How far is this research?

We are still in the process of identifying the right candidates for our team. CECAD here in Cologne offers ideal conditions for this work because we have mice that are raised completely germ-free. They live in these bubbles in which there are no microbes. That means they also have no intestinal flora at all, except for what we implant in them. That way, we can recognize causalities, we can show the precise impact of this or that microbe on the physiology of the host animal. We can use these germ-free animals to test interventions, and we can also understand how the intervention of a drug that might improve lifespan depends on the presence of these microbes. Last but not least, we can test whether and how the introduction of certain helpful microbes is particularly successful – whether they change lifespan or health status in any other way. In sum, you can do all kinds of manipulations that are very difficult in conventional mice. That’s actually one of the reasons why I chose to come here to Cologne from London. 
 

Wouldn’t it be easier to just drink kefir every day? Or to consume one of the probiotic products that have been available on the market for decades?

You could try it, but it is not a very scientific approach and would probably mostly benefit the companies that make these products. The probiotics industry is a multi-billion-euro industry, but not a single probiotic has been proven to be effective. They are chance finds and the explanatory models may or may not be correct. Moreover, many of the probiotics you buy in stores aren’t even alive anymore. They are really just dead cells.
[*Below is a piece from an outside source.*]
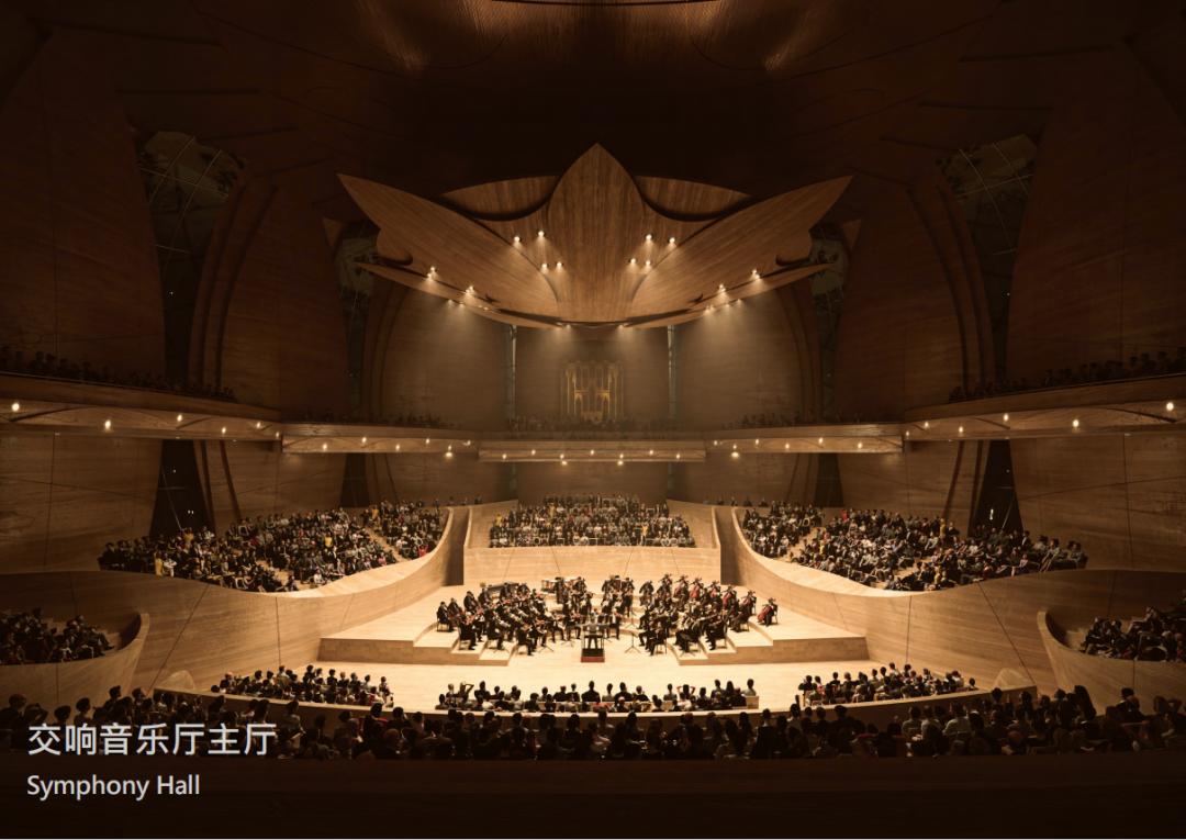 夜晚,灯光照亮,投向建筑外部整个音乐厅都会被点亮

Others don’t stay in your body and multiply, they just get excreted.

So, it would be better to wait for your microbe cocktail?

Yes, definitely. We want to establish a set of microbes of which we actually know exactly what each one does and what it produces. In fact, we will genetically design these microbes to have a kind of emergency stop button. Imagine that these helpful organisms settle in the human intestine, but then have some unforeseen side effects. Then we have to get rid of them somehow. Eradicating them with antibiotics would not be elegant, because then all the other microbes that naturally occur there would also suffer. So we are artificially building in a so-called kill switch: a mechanism that reacts to a substance. It is completely harmless to the rest of the body, but switches on a suicide programme or causes the cell membrane to dissolve – only and exclusively in our designer microbes. 
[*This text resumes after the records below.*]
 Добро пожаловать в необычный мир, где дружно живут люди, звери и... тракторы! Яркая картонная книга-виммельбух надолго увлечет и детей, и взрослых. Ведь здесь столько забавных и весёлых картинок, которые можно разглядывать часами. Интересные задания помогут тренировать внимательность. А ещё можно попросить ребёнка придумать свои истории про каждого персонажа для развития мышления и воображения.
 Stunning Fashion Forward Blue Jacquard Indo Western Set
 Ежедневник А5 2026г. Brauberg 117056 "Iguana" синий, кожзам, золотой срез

Does that mean that your life-prolonging cocktail consists of genetically modified organisms (GMOs) that fall under various national and international GMO regulations?

Yes, that is correct.

Do you think you can convince people that that’s a good thing?

It will certainly be an interesting discussion. At the moment, the answer is probably no. Will that change over time? Perhaps. But I firmly believe that if we can one day prove that this therapy really works and allows us to grow old in good health, people will recognize its benefits and accept it.
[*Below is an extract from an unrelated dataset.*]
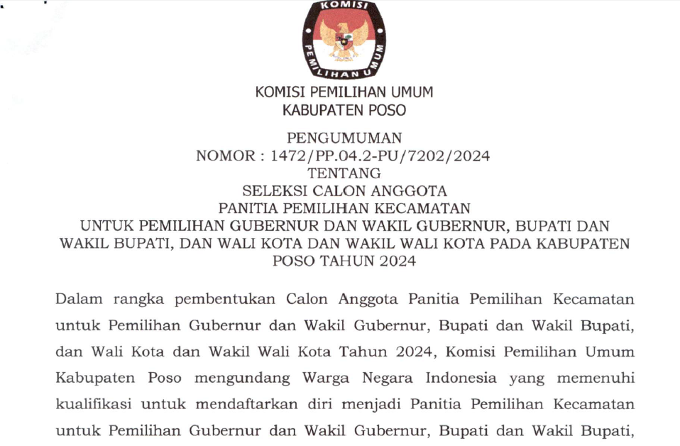 Poso, https://kab-poso.kpu.go.id KPU Kabupaten poso melakikan sosialisasi pencalonan bupati dan wakil bupati dalam pemilihan serentak tahun 2024 pada senin 6 mei. yang di pimpin langsung oleh ketua divisi Teknis dan Penyelenggara Pemilu Roni Mathindas dan turut di ikuti oleh Ketua KPU Poso Muh Ridwan Dg Nusu, Mansur, Alfred Sabintoe, dan Dewi Yul Nawawi, hadir juga dalam kegiatan ini Bawaslu Kabupaten Poso serta perwakilan partai politik dan tokoh masyarakat.

The Cluster of Excellence Cellular Stress Responses in Aging-Associated Diseases (CECAD) was the first Cluster of Excellence to be established at the University of Cologne in 2007. It investigates the causes that underlie both aging and triggering a broad spectrum of age-associated diseases. The molecular basis of these processes will be understood and new therapies for age-associated diseases such as cardiovascular diseases, chronic kidney diseases, diabetes, cancer and neurodegenerative disorders will be derived from this. Currently, 61 research groups with a total of over 650 researchers from 59 countries are working in close interdisciplinary and international collaboration at CECAD. The location of the CECAD Research Center and the nearby Max Planck Institutes for Biology of Ageing and Metabolism Research on the Life Science Campus in Cologne contribute to pooling various competencies in one location.